Summary
A number of small studies have indicated that once-daily administration of an antibiotic is just as effective as multiple daily doses. In this meta-analysis using studies in adults and children, the relative risk for compliance with antibiotic treatment was higher with once-daily dosing compared with dosing two, three, or four times daily.
- antibiotics
- compliance
- OD
- BID
- TID
- QID
- infections
- meta-analysis
- children
- adults
- infectious diseases clinical trials
- viral infections
Matthew E. Falagas, MD, MSc, DSc, Alfa Institute of Biomedical Sciences, Athens, Greece, reported in a poster that better compliance to antibiotic treatment is achieved when an antibiotic is administered once daily compared with multiple times a day for the treatment of specific infections.
Data were obtained through a systematic search of the PubMed and Scopus databases for randomized, controlled antibiotic treatment trials. Compliance with antibiotic treatment was the primary outcome of this meta-analysis study. A total of 26 studies comprising 8246 patients were included in the analysis. The most common condition being treated in these studies was upper respiratory tract infection.
Among all patients (pediatric and adult), compliance was higher following once-daily dosing compared with BID, TID, or QID dosing (RR, 1.22; 95% CI, 1.11 to 1.34). These findings were consistent across study designs and treatment duration. Patients receiving an antibiotic once daily were also more compliant compared with patients receiving an antibiotic of a different class TID or QID (RR, 1.20; 95% CI, 1.12 to 1.28).

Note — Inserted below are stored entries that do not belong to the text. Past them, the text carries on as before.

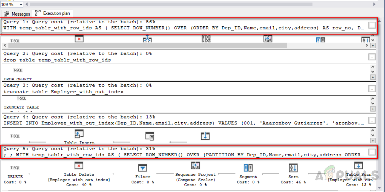 Furthermore, we need to know about query execution costs in order to understand which one is an optimized solution. So you need to select all the relevant queries and click on the execution plan. The image below shows the execution plan for the queries along with execution cost. Delete queries are highlighted in the red box. The first query which is using “ROW_NUMBER ()” and JOIN clause has 56% execution cost, whereas the second query is using “ROW_NUMBER ()” and “PARTITION BY” has 31% cost. So the second method is a more optimized one and we should follow an optimized solution.
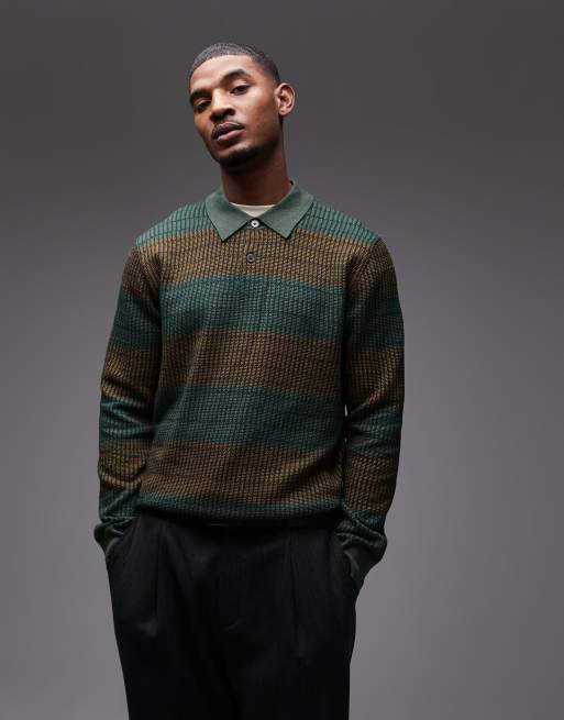 PS Paul Smith striped knit sweater in green and brown
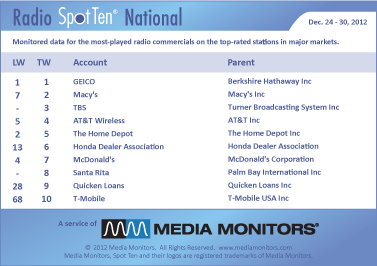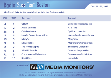 For the final week of the year in Boston for 2012 the #1 advertiser on the radio was GEICO with 855 spots. Coming in #2 was AT&T WIRELESS with 600 ads, while QUICKEN LOANS jumped from #28 to #3 with 536 spots. HONDA DEALER ASSOCIATION landed in #4 with 520 spots and MACY’S was #5 running 458 commercials. MCDONALD’S was #6 with 449 spots, while THE HOME DEPOT secured #7 with 432 ads. The XFINITY BUNDLE was #8 with 375 spots and COMMONWEALTH MOTORS moved from #71 up to #9 airing 372 spots. #10 was held by KARS4KIDS with 357 announcements.
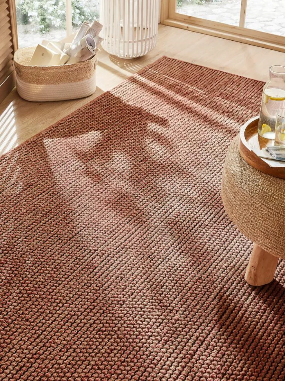 Klare Form und natürliche Materialien bilden den Charakter dieses Handwebteppichs. Sein fester Flor aus
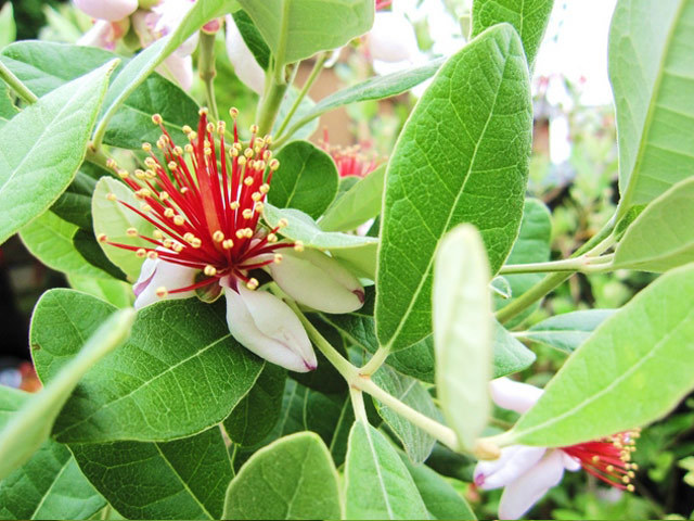 フェイジョアは常緑低木です。3m程度になります。南米原産です。秋にバナナとパイナップルの中間のような味がする緑色の実がなります。夏に4cmほどの赤い花がつきます。葉は卵型で表が深緑色で裏が白いです。熱帯の植物ですが耐寒性があり-10℃まで耐えます。果物として栽培されるほか、害虫に強く樹形が整うことから庭木や生垣としても人気があります。
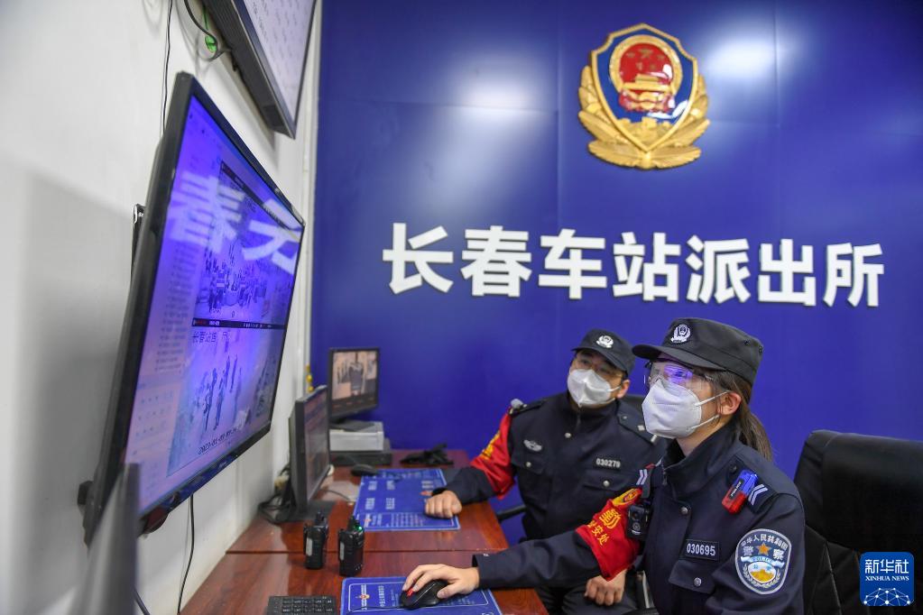 1月9日,在長春鐵路公安處長春車站派出所,朱榮超(右)與同事察看監控畫面。
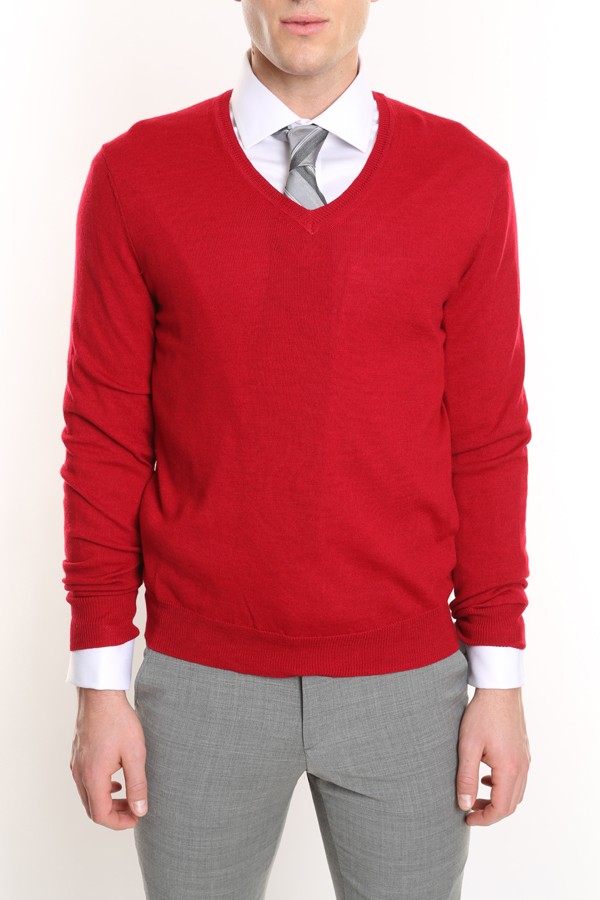 A classy V-neck sweater crafted from smooth refined Merino wool. Essential for layering when changing climates.
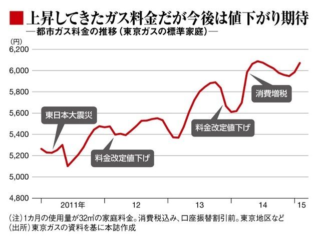 今後のガス料金の見通しは、やはりLNG価格と為替次第だ。ドル建てのLNG価格は、当面、弱含みで推移する公算が大きい。連動性の強い原油価格が急落しているうえ、世界最大のLNG消費国である日本で原発再稼働が近づき、原発を代替してきた火力発電用LNGの需要減退が見込まれるためだ。円相場が横ばいなら、ガス料金は低下する可能性が高い。

Children who received an antibiotic once daily were more compliant than those receiving the same antibiotic BID or TID (RR, 1.16; 95% CI, 0.93 to 1.44). Better compliance was also seen in children with BID vs TID dosing (RR, 1.10; 95% CI, 1.02 to 1.19) and with once-daily vs TID dosing (RR, 1.25; 95% CI, 0.94 to 1.68).
Adults who received an antibiotic once daily were more compliant than those receiving the same antibiotic BID or TID (RR, 1.09; 95% CI, 1.02 to 1.16). Better compliance was also seen in adults with once-daily vs TID dosing (RR, 1.31; 95% CI, 1.08 to 1.59).
When treating adults and children for specific infections and with specific classes of antibiotics, compliance is higher if the antibiotic administration is restricted to once daily rather than multiple times a day. Compliance with treatment regimens improves outcome and may reduce the rate of adverse events.